Acta Physiol Scand. 1976 Oct;98(2):232-6.
A good read:
Movement That Matters, by Paul Chek
Tags: CNS
What a great study! My bodyworker would always say the same thing, when working on one side of the body, it would translate to the other. So by the time he got to the other side, it was already benifitting from what he did on the first side.
I also really like what you said about similar movement patterns. I was just training w/ some other people. They were all great runners and when we sprinted, the housed me. One would naturally think that when we got to the burpees, pushups, mountain climbers and a bunch of other level changes, they would still house me. Nope, I housed them. Why? Because I train those movements more often than they do. I’ve developed that type of movement in my body while all they have developed is the sprint.
Great article H!
Holy moly I was at a conference yesterday that just went over all of this. And they also said if you fixed your weakest link, it made everything else better, too, even if you did not train it. LOVE that stuff. Right on, mama!!:o)
Thanks, Guys!
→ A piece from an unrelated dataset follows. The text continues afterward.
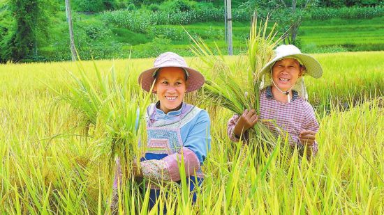师宗县五龙乡牛尾村群众收割稻谷。 本报通讯员 贾严 摄

The human body is just one amazing machine, isn’t it? On the heels of writing this post early last week, I attended a license renewal workshop chock full of info related to the topic, specifically as it appears in injuries and healing. Too cool. Such an obvious analogy to training and per4mance. And maybe even more so to successful living and aging overall. If you want to go there, that is…
Great posting! Thinkin’ “The Weakest Link”!
Hey Monica! Absolutely. Can’t you just hear your Central Governor (that makes sense if you saw the other CNS posts, LOL) saying “You’re the WEAKEST LINK!” to some joint in your body?